■ **Exercise**: All of the data should be repeated exactly; pictures are not part of the copy.

■ **Supplied material**:
----

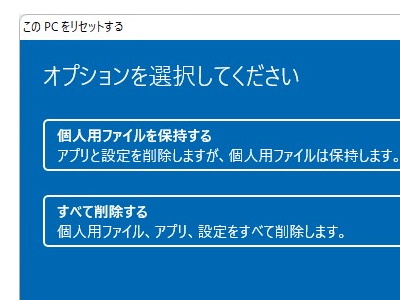 Windows 8.1や初期のWindows 10では、メーカーが初期化方法を提供してなければ初期化は不可能でした。しかし、最近のWindows 11/10にはWindowsだけ残して初期化する機能が付いています。(メーカー製パソコンのプリインストールソフトなどは消されてしまいます)
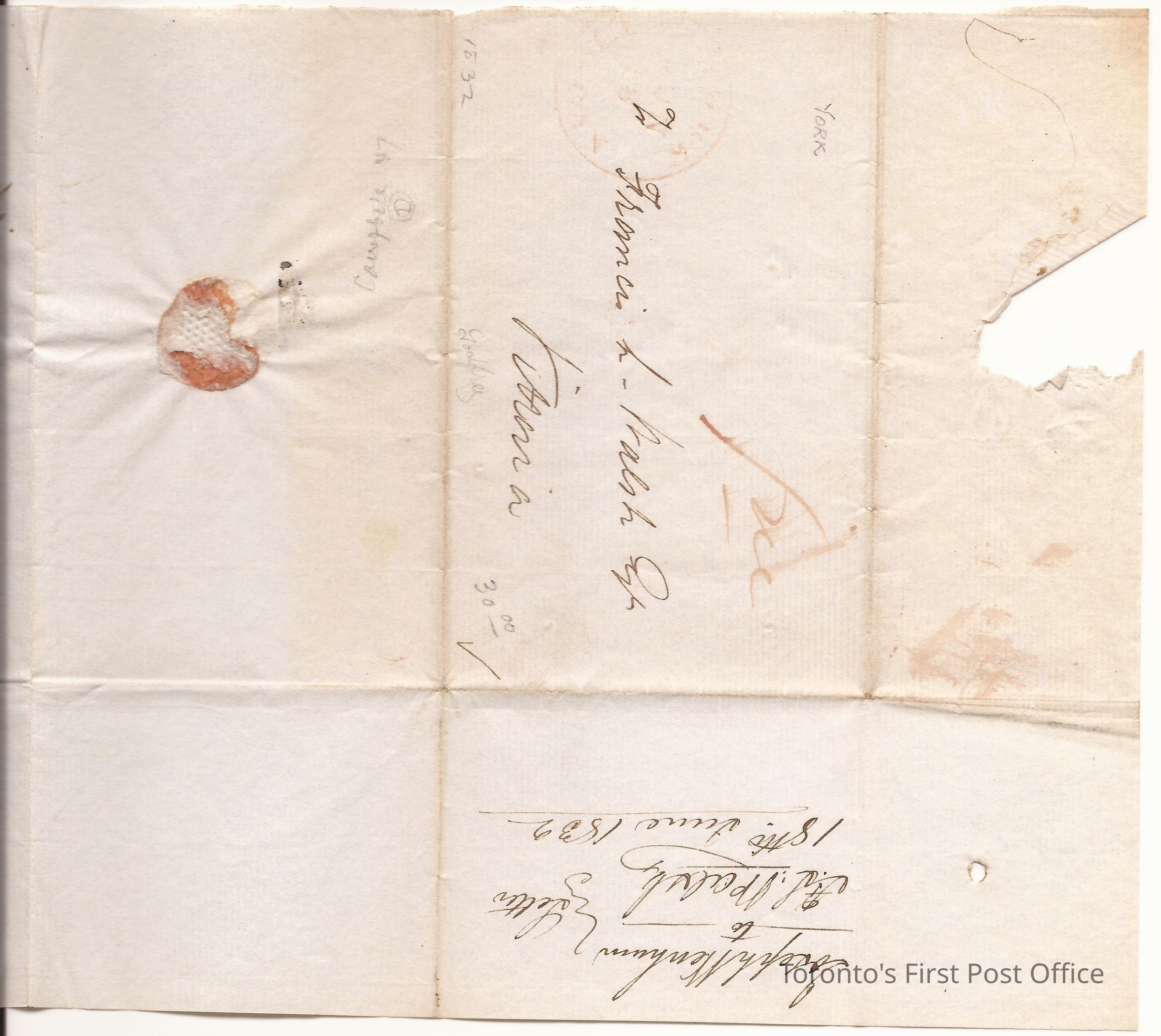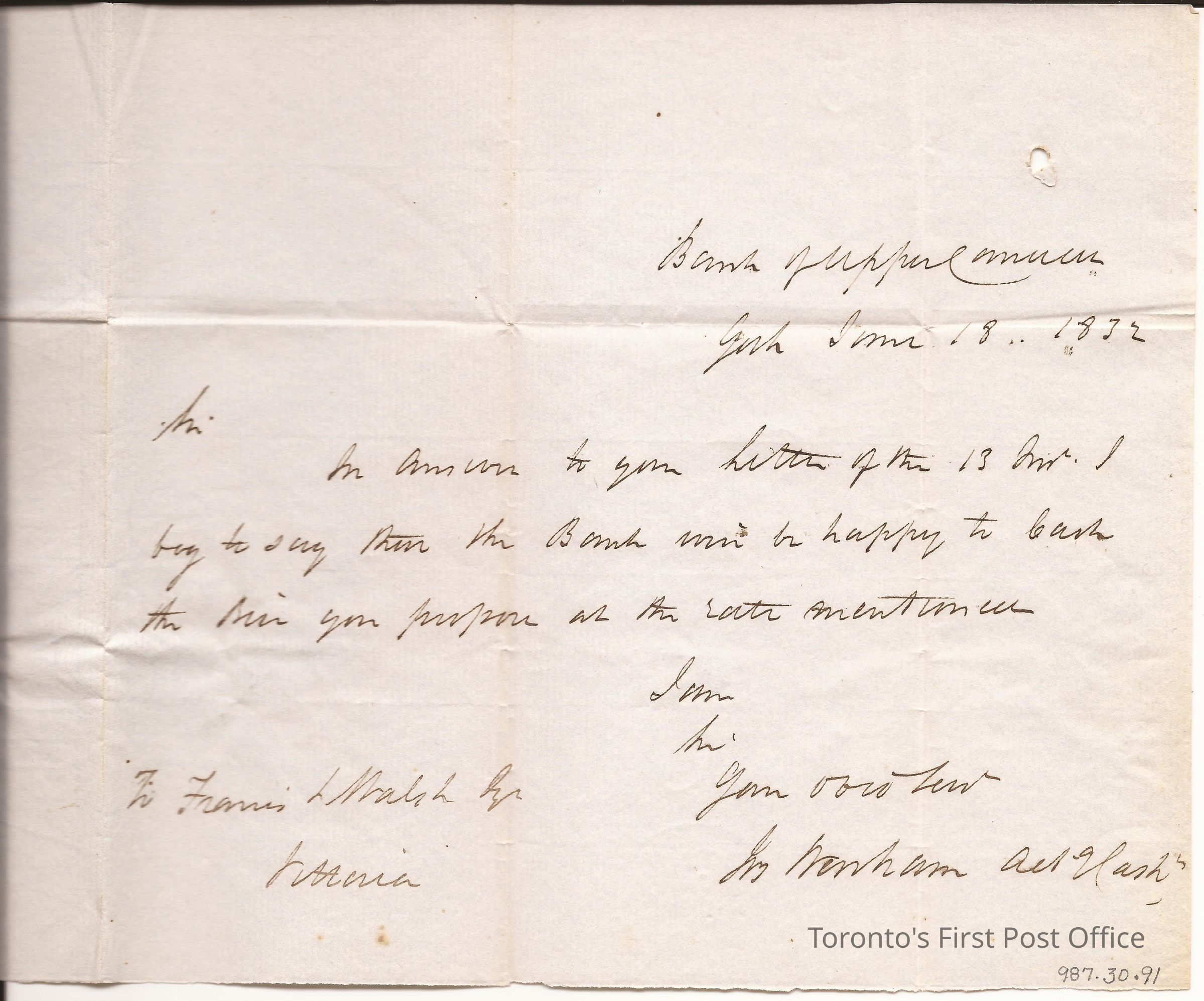 Letter to Francis L Walsh, Esq. Vittoria; from Joseph Werham Act'g Cashier BUC; dated: Bank of Upper Canada York Jun 18 1832; re: cashing bill in reply to request from Walsh; red wafer seal; postage: red manuscript "FREE"; black ink; unbleached, laid, crisp, green paper; watermark: "WHATMAN 1830".Update Date
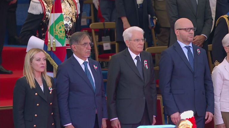 Giorgia Meloni al fianco del presidente Mattarella partecipa per la prima volta da premier alla parata dei Fori Imperiali
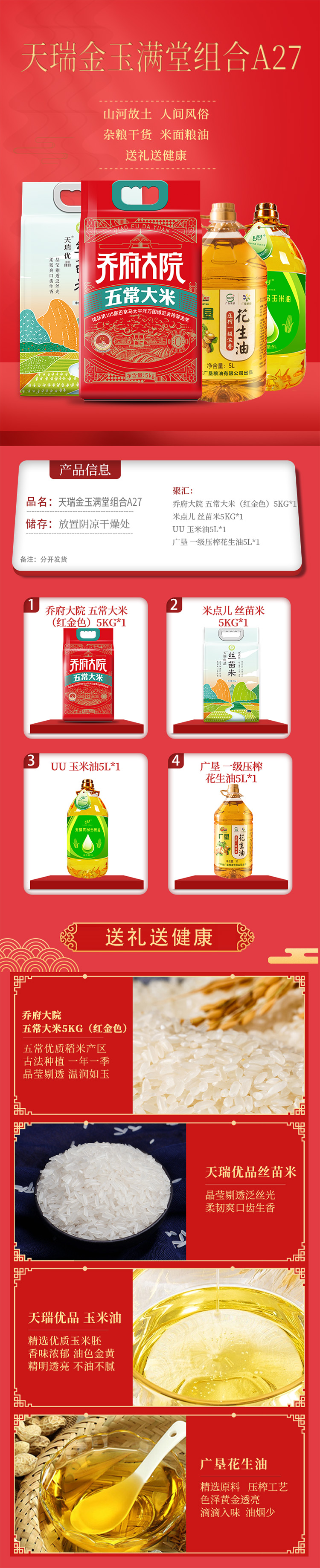 商品名称:乔府大院/广垦/UU/米点儿米油组合10kg+10L

----

■ **Your response**:
 Windows 8.1や初期のWindows 10では、メーカーが初期化方法を提供してなければ初期化は不可能でした。しかし、最近のWindows 11/10にはWindowsだけ残して初期化する機能が付いています。(メーカー製パソコンのプリインストールソフトなどは消されてしまいます)
 Letter to Francis L Walsh, Esq. Vittoria; from Joseph Werham Act'g Cashier BUC; dated: Bank of Upper Canada York Jun 18 1832; re: cashing bill in reply to request from Walsh; red wafer seal; postage: red manuscript "FREE"; black ink; unbleached, laid, crisp, green paper; watermark: "WHATMAN 1830".Update Date
 Giorgia Meloni al fianco del presidente Mattarella partecipa per la prima volta da premier alla parata dei Fori Imperiali
 商品名称:乔府大院/广垦/UU/米点儿米油组合10kg+10L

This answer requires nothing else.